Partitioning GPUs for graphical and computing applications under Linux KVM
Description
The GPU development and evolution of the last years has shown a much stronger peak performance growth with respect to CPUs. The performance growth, driven mainly by technological improvements in the transistor’s sizes, forced hardware producers to introduce hardware and low level software functionalities capable of enabling the GPU partitioning “à la CPU”. Such solutions (e.g. AMD MxGPU, Nvidia vGPU) are currently available in payware environments such as VMware ESXi and CITRIX, while these are marginally (or not) available inside Linux KVM.
OpenForBC targets the development of a layer capable of presenting a common interface on top of such technologies in the open-source Linux KVM environment, aimed at supporting scientific and commercial applications for data centers, HPCs, distributed computing. This approach will enable a “learn once use forever” pattern to developers and sysadmins, since the Open ForBC modularity copes well with the introduction of additional wrappers built around new and future toolsets aimed at GPU partitioning.

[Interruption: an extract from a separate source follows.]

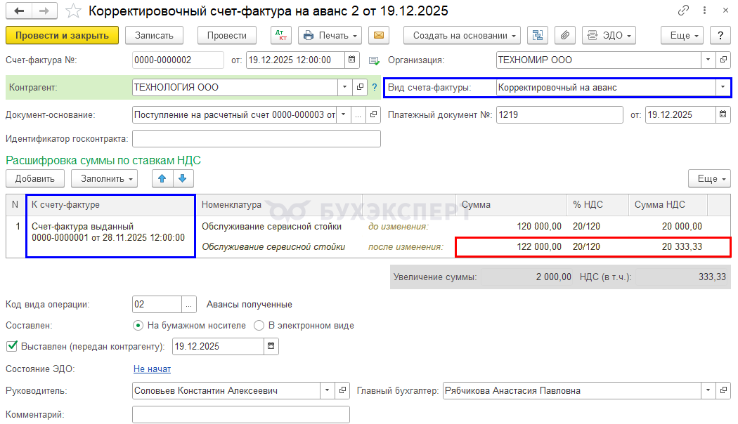 В табличной части укажите новую сумму аванса по ставке % НДС — 20/120.

The Open ForBC project can be split in two subprojects:
- development of the toolset software and test against multiple models of GPU
- definition of test methodologies and comparison and benchmarking against existing solutions (e.g. ESXi)
The GSOC task will be focused on the latter, with interaction with the people involved in the first to improve the toolset based on benchmark measurements.
Task ideas
- Collect literature, documentation and code for state-of-art computing and graphics benchmarks (e.g. MLPerf, PerfZero, Unigine, Passmark)
- Create additional ML benchmarks (or tune the existing ones) based on real applications, interacting with research groups connected to the project
- Define and develop a testing infrastructure, i.e. a software capable of sequentially running the chosen benchmarks and record the performances
- Perform measurements of the baseline on existing solutions (e.g. VMWare) using various partitioning topologies.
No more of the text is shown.